In the fall of 2019, Bethlehem had purchased 100 Kajeet units. The district bought another 100 when COVID-19 hit. By the end of the school year, they had given out 187 units. This past summer, the district purchased 500 T-Mobile hot spots that have the filter and unlimited data. 

James said Friday afternoons are his busiest— if he gets requests for hot spots or devices, he doesn’t wait until Monday to fulfill them because that would mean an entire weekend would pass before a student has the ability to do schoolwork. 

All three districts relied on the CARES Act to fund these purchases. However, while this funding was more than enough in Parkland, it wasn’t adequate for Allentown and Bethlehem to close the digital equity gap—they also had to turn to state grants and local donations. 

Parkland was able to use this funding to buy Kajeet units, as well as online content for the teachers, said Smith.

To close the gap in Allentown, the Allentown School District Foundation and Century Fund provided money to support the purchase of 1,000 Wi-Fi hot spots, according to a press release on the ASD’s website. A grant from the Pennsylvania Department of Community and Economic Development helped purchase 3,517 more. 

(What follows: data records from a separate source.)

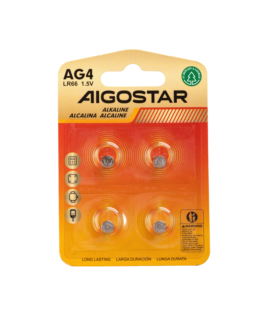 4 stk. Knappecellebatteri - AG4 LR66, 1.5V Utvid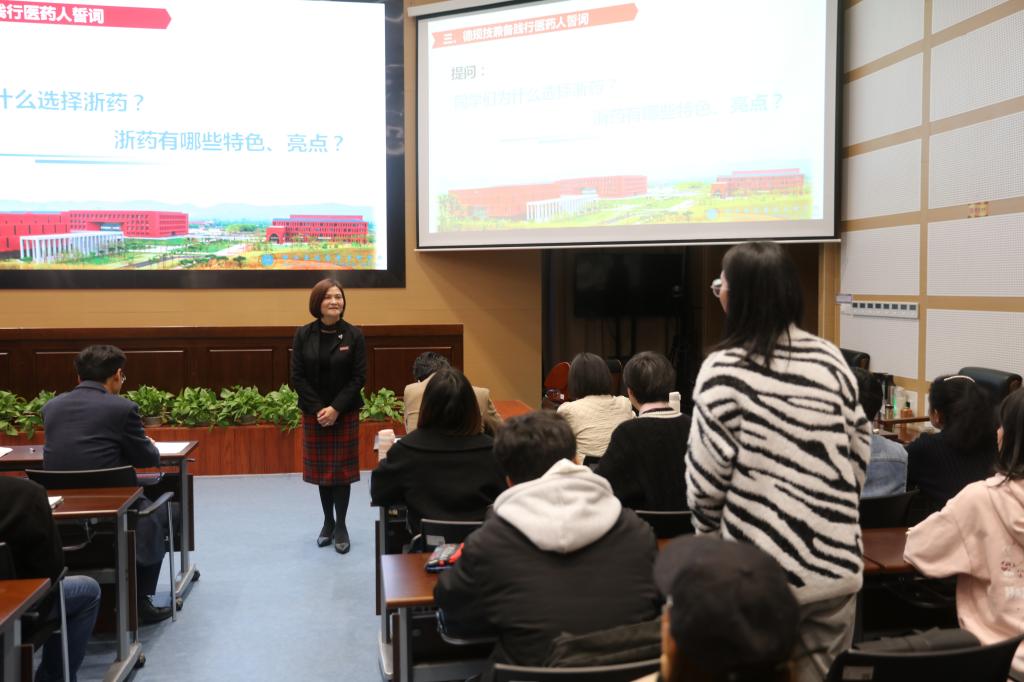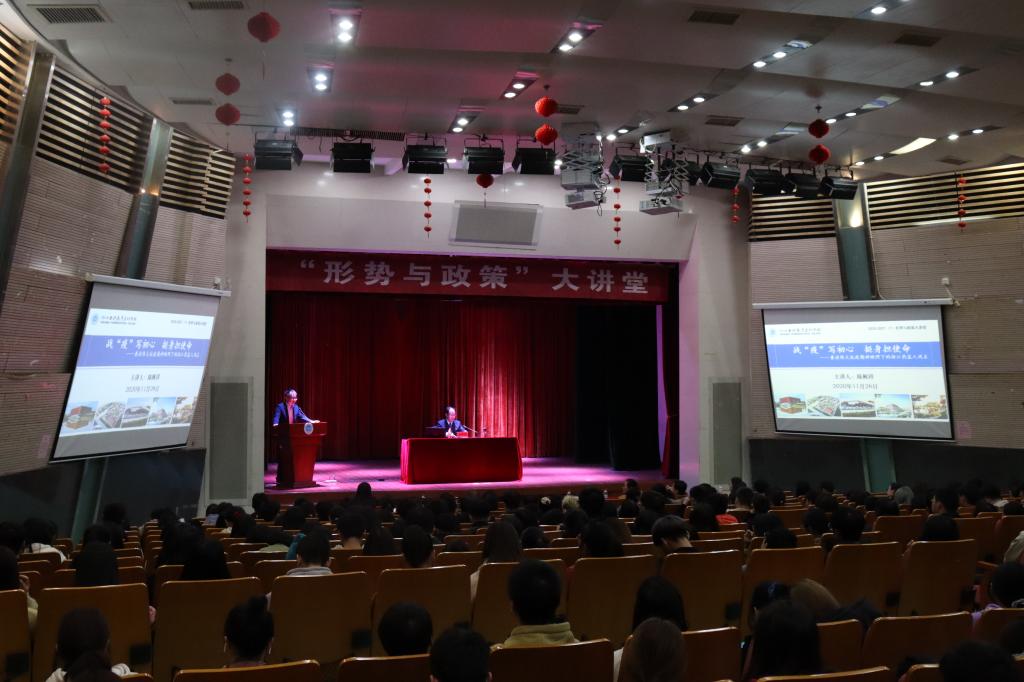 任文霞以“弘扬抗疫精神,勇担使命责任,做德规技兼备的新时代医药人”为题,在奉化校区为中药公司200余名员工以及英国正版365官方网站部分思政教师讲授形势与政策课。在近1个半小时的的课程讲授中,任文霞从伟大抗疫精神的时代内涵、新时代医药人的使命与责任、德规技兼备践行医药人誓词等三方面切入,内容紧扣新时代高素质医药健康事业人才培养、伟大抗疫精神弘扬,倡导广大同学认真践行“医药人誓词”,努力做“德技并修、知行合一、笃志好学、勇担使命”的新时代浙药好学子。任文霞希望广大师生积极秉承“人民至上、生命至上、健康中国”的时代要求,认真践行“厚药德、明药规、强药技”的人才培养理念;高度认同中国制度、中国力量、中国优势;准确理解“新时代浙药学子使命担当”的时代内涵;切实感知为推进健康中国建设、医药强省建设、特色鲜明一流应用型院校建设的主体责任。任文霞勉励广大同学,医药事业是关系人民健康的头等大事,全体浙药学子要积极秉承医药人誓词,认真学好专业基础理论知识,努力培养独立思考和解决问题的能力,积极参与社会实践和志愿服务,全面提升个人综合素质能力。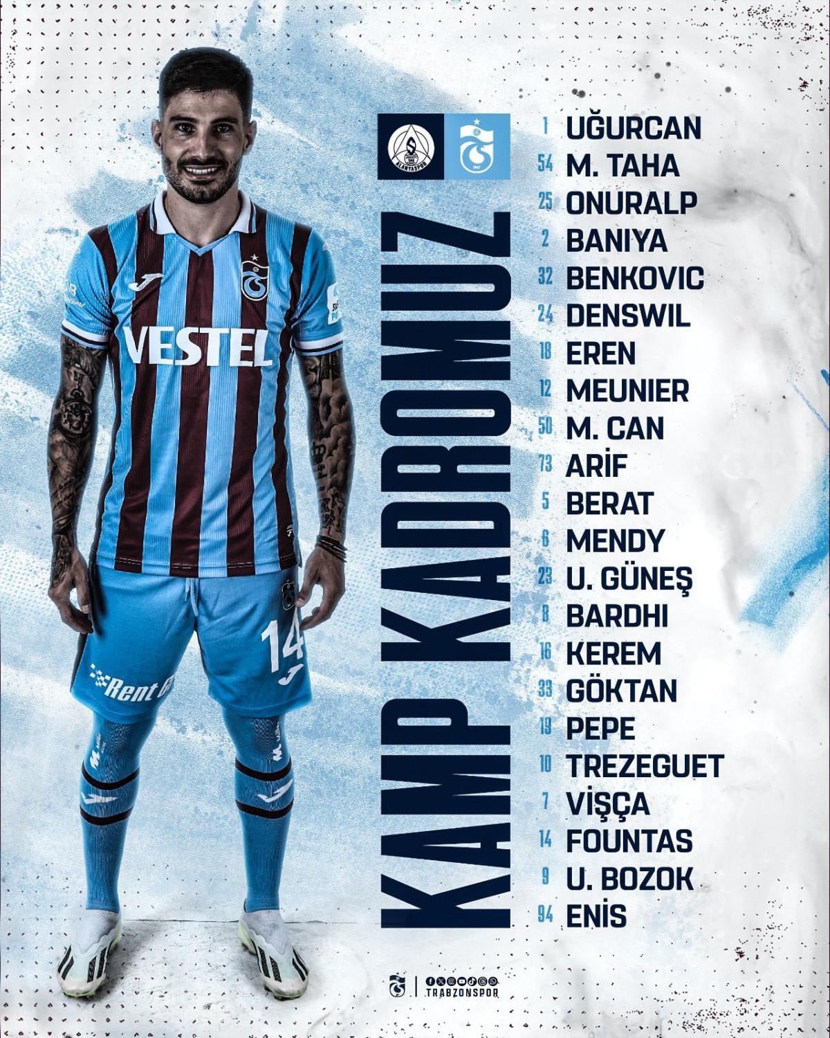 Trabzonspor'un kafilesinde şu isimler yer alıyor: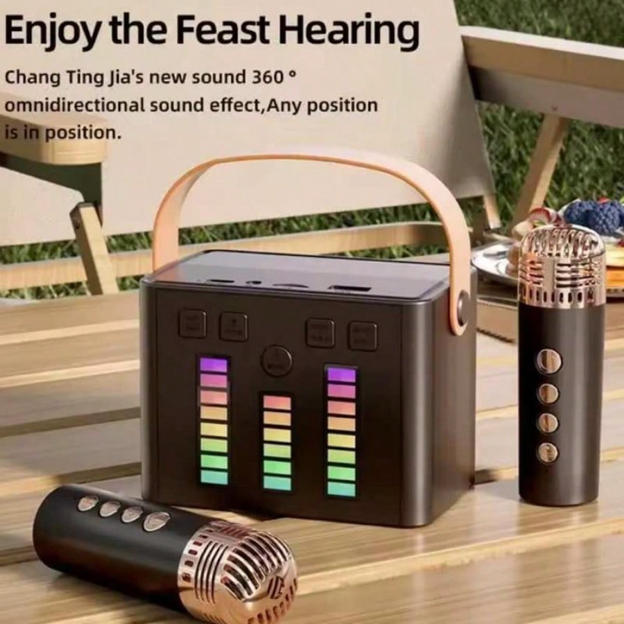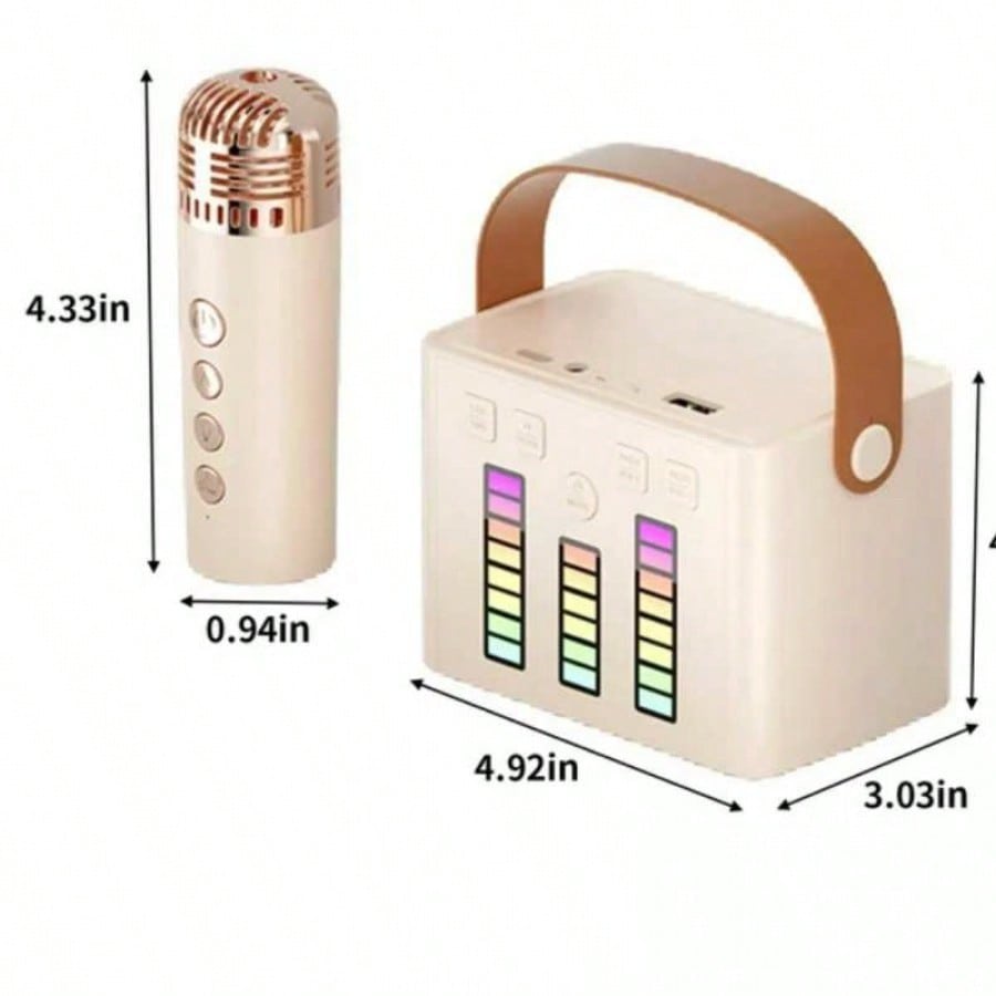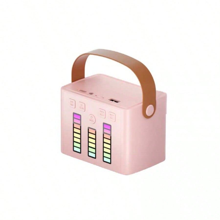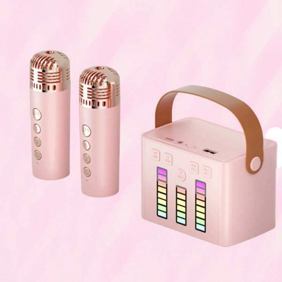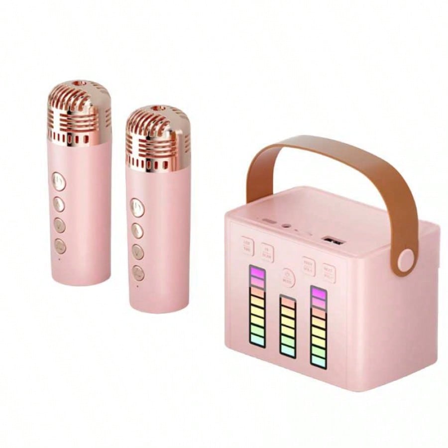 Convierte cualquier reunion en una fiesta inolvidable con este sistema de karaoke portatil todo en uno. Este set incluye un potente altavoz Bluetooth de 5W y dos microfonos inalambricos, permitiendote cantar a duo con tus amigos o familiares sin enredos de cables. Su diseño compacto y elegante incorpora una practica asa de transporte y un espectaculo de luces LED RGB en el panel frontal que simulan un ecualizador y se mueven al ritmo de la musica. Con una bateria recargable de 1200mAh, ofrece entre 3 y 4 horas de diversion continua con una carga rapida. Es compatible con tarjetas TF y memorias USB, siendo el regalo perfecto para niños y adultos que aman cantar y divertirse en cualquier lugar.
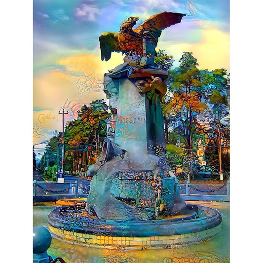 Toluca Mexio Fountain Eagle-Firmado Black Modern Wood Framed Art Print by Gavidia, Pedro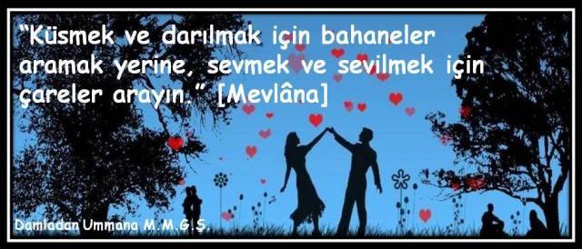 Küsmek ve darılmak için bahaneler aramak yerine, sevmek ve sevilmek için çareIer arayın.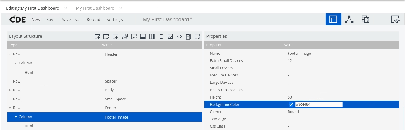 <h2 style="color:#FFFFFF; padding: 15px 0">My First Dashboard</h2> Click on the Preview icon - last one in toolbar.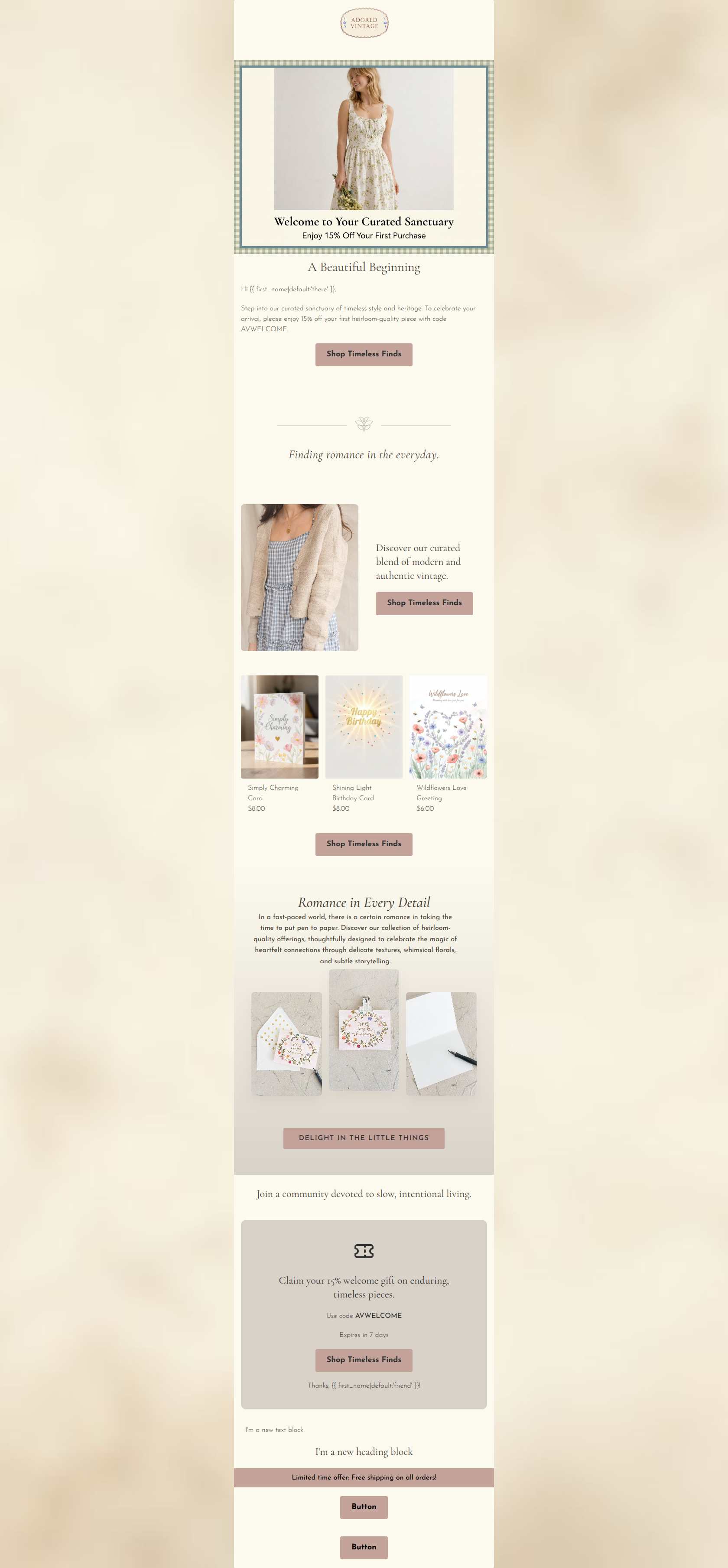 77/100This welcome email beautifully establishes the brand's wistful, vintage aesthetic while clearly communicating the 15% off introductory offer. However, repetitive calls-to-action and the baffling choice to highlight low-ticket greeting cards rather than premium apparel undermine the potential impact of the discount. COLOR & CONTRAST NOTES: The brand palette is well-implemented and maintains the 'soft, minimal' aesthetic. The primary button color (#C4A49A) with dark text (#333333) has decent contrast, but its muted tone means it does not 'pop' aggressively from the background, which slightly hinders conversion visibility.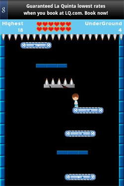 《是男人就下100层》这款游戏能让我们不断向更多平台跳跃,只有成功跳到平台上,才能继续向下挑战。一定要留意躲避机关陷阱,一旦触碰到机关,挑战就会失败。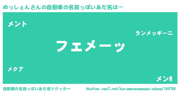 | 男性向けラノベタイトル風あだ名 | 『うちのめっしぇんが世界を掌握している!』 |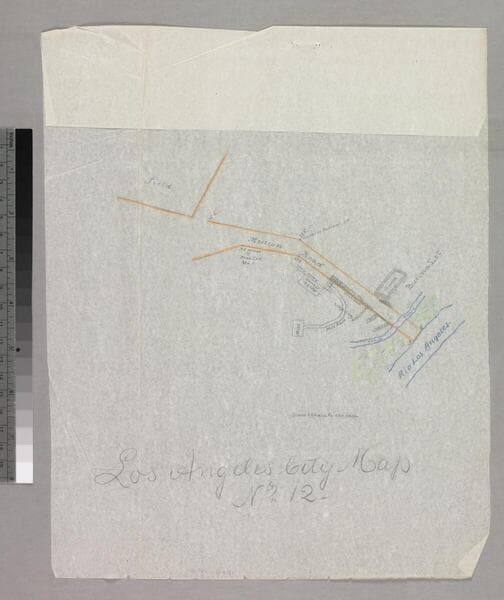 P. 9 of document, " Theodore Bors. tract of land on East side of Los Angeles River..." on verso of city engineer stationery, showing courses, distances. Title supplied by cataloger.

James said that Northampton County announced a grant program to provide $100,000 to BASD to help pay for home internet for residents in the district. 

He described COVID-19 as a “blessing hidden in a curse,” as the pandemic helped Bethlehem close the digital divide.

“COVID-19 kind of poured Miracle-Gro on our efforts to close that connectivity gap…This year, there’s every reason to believe that every child in our school district of 13,000 students has access to the internet,” James said.

But these districts didn’t stop with just closing the digital equity gap. Each also provided additional resources for families ranging from information guides on their websites to live tech support to help with technological issues families face.